Robyn lets out a peal of laughter as loud and dirty as her mother’s used to be at the same age, while Laura cringes. ‘You’re on a warning, Cassidy!’ she scolds.

Before she can say any more, my doorbell rings and Daniel decides it’s his time to sing the song of his people loudly and ferociously as if warding away evil spirts, and potential love interests.

‘Go get your man,’ Niamh says. ‘We’ll tidy up and lock up here when we’re leaving.’

‘But you will be meeting us for breakfast in the morning to fill us in on all the gossip?’ Laura asks.

‘Unless she’s otherwise engaged,’ Niamh replies with a wink.

‘Girls, pack it in!’ I tell them, my heart beating at twice its usual rate. I’m so glad I put on an extra spray of deodorant as the nervous sweats are already on me. It has been more than twenty years since I have been on a first date. In fact, it’s closer to twenty-five.

It’s been at least a decade since I have been kissed – properly kissed. I can’t allow my brain to think about all the other things I haven’t done in at least a decade because I will freak out entirely if I do.

Kissing is enough to make my knees feel weak and my skin tingle and… what if I’ve forgotten how? What if I do it all wrong? Maybe it’s changed in the last decade?

With shaking hands, I open my front door and see him. Tall, handsome him.

His dark hair, speckled with the occasional grey, is just long enough to fall in soft curls across his forehead.
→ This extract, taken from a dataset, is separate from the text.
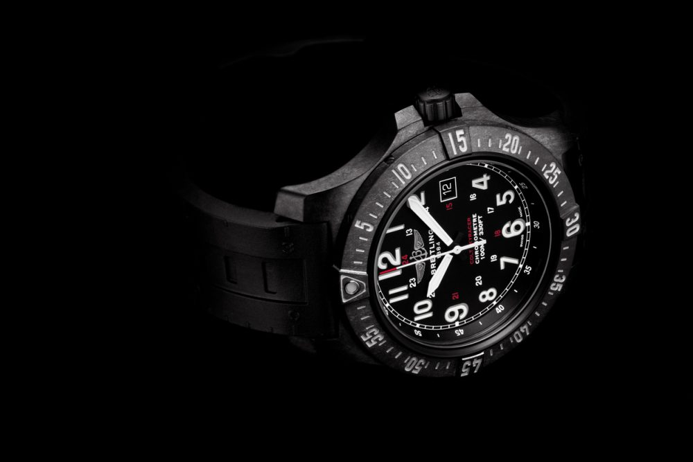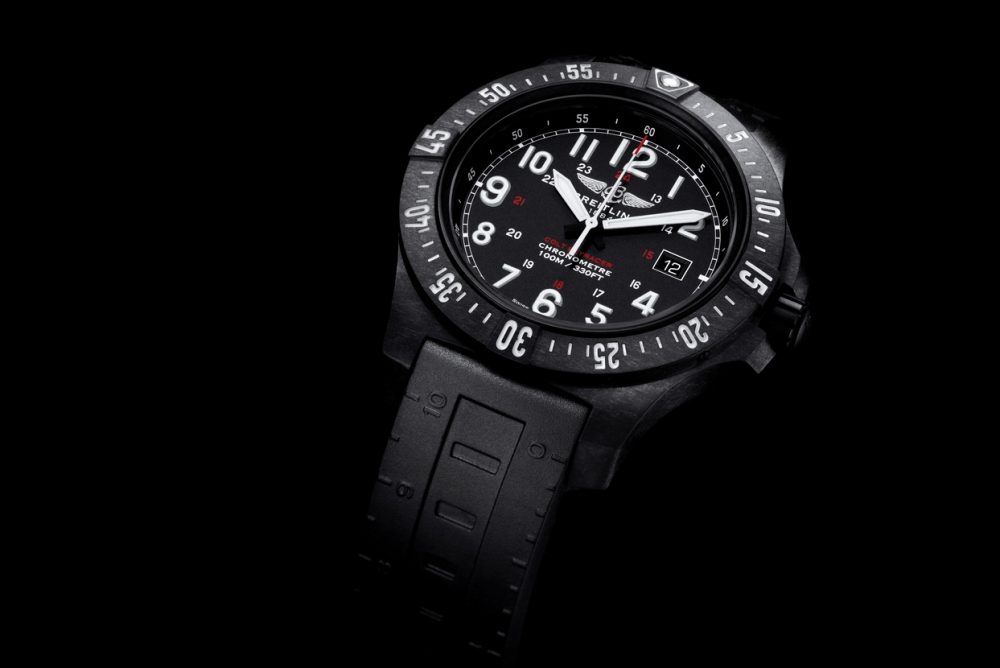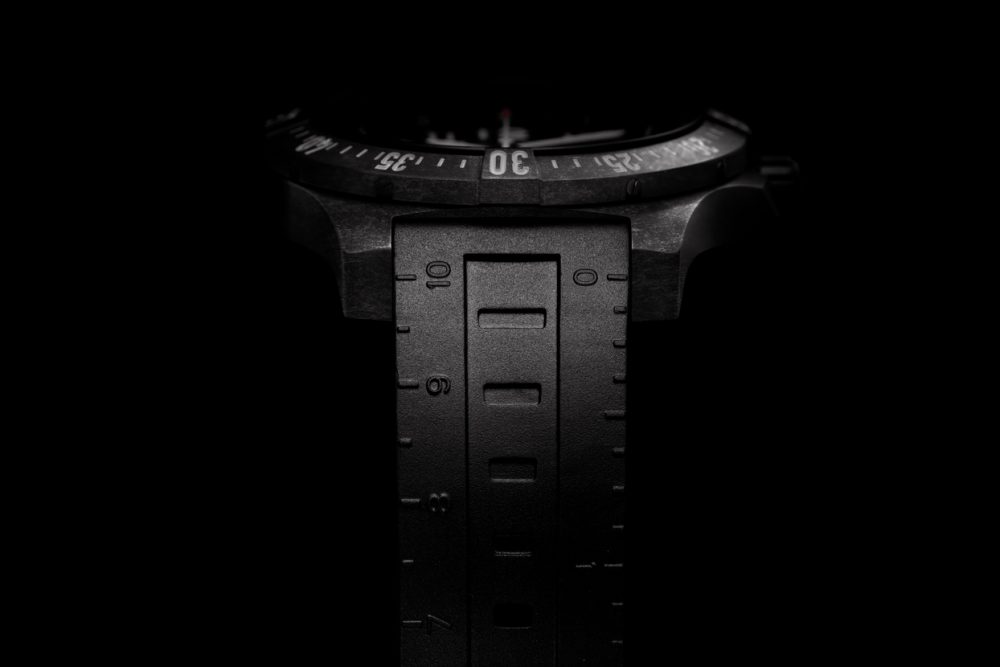 Featuring Breitlight® which is over three times lighter than titanium and a whopping six times lighter than steel but despite this lightweight nature, it is actually significantly more robust and harder than them both. This exclusive high-tech material is truly set apart by a vast array of qualities – the most notable of which include an exceptional resistance to scratches, traction and corrosion as well as a warmer ‘touch’ than metal along with a slightly mottled effect which serves to add still further to the aesthetic appeal of this first class aviation timepiece from Breitling.

It’s the perfect length of hair for running my fingers through when I pull him close for a kiss, I think before blinking and doing my best to focus on what is happening now and not just what I very much want to happen later.

‘This isn’t at all really weird and awkward,’ Conal says, with a slight grimace and I freeze, wondering if I’m about to get dumped before we’ve even got going. ‘Picking my wee sister’s friend up for a date,’ he continues. ‘Who’d have thought it would happen?’ He smiles and the way his eyes crinkle and how he tilts his head makes me weak with relief and longing.
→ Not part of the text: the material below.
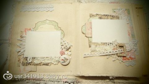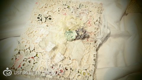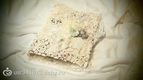 Очень давно хотела создать альбом из ткани, формат 16х21, 3 разворот, в нем можно разместить 6 фото.Этот кружевной нежнейший альбом идеален для ваших беременных фотографий или фото с крещения маленького чуда. Завязывается накружева, в альбоме много ткани, кружева и шитья. Мне кажется в этом шебби — буке хорошо будут смотреться черно — белые фото или сепия. Бук пока без хозяина. Спасибо за просмотр!

‘Not weird or awkward at all,’ I say, with the same faux grimace. ‘The big brother who was always telling us to get out from under his feet and to turn our music down.’

‘In fairness, you three had the worst taste in music,’ he says, shaking his head.

‘Excuse me, but how very dare you!’ I mock. ‘Every single Take That song was an absolute banger.’

‘The constant replaying of “Deep” by East 17 was something I could’ve lived without though,’ he says, and his eyes meet mine. Who knew this chemistry between us was fizzing away deep under the surface all this time?

‘Will we go?’ he asks before nodding his head towards the currently closed living room door. ‘I know my sister, and probably Niamh too, are in there and most likely listening in to every word…’

‘Hi, Conal!’ they call in unison and he rolls his eyes.

‘We’re leaving now,’ I call to my friends and they call their goodbyes back as Conal O’Hagan takes my hand in his and leads me out of my front door and on to my next adventure.

Sixteen-year-old Becki Burnside would be so delighted.

40

TEN DAYS LATER

It’s quite nice to have the house to myself for a bit. The boys have headed out with their friends for the evening, taking their noise and mayhem with them.

It has been non-stop since they’ve been home, between doing their washing, refilling the fridge (over and over again) and picking up soggy towels from the bathroom floor. I know I should make them do it all themselves but I’m enjoying feeling needed again. That said, I’ll be glad when they go back to Manchester too.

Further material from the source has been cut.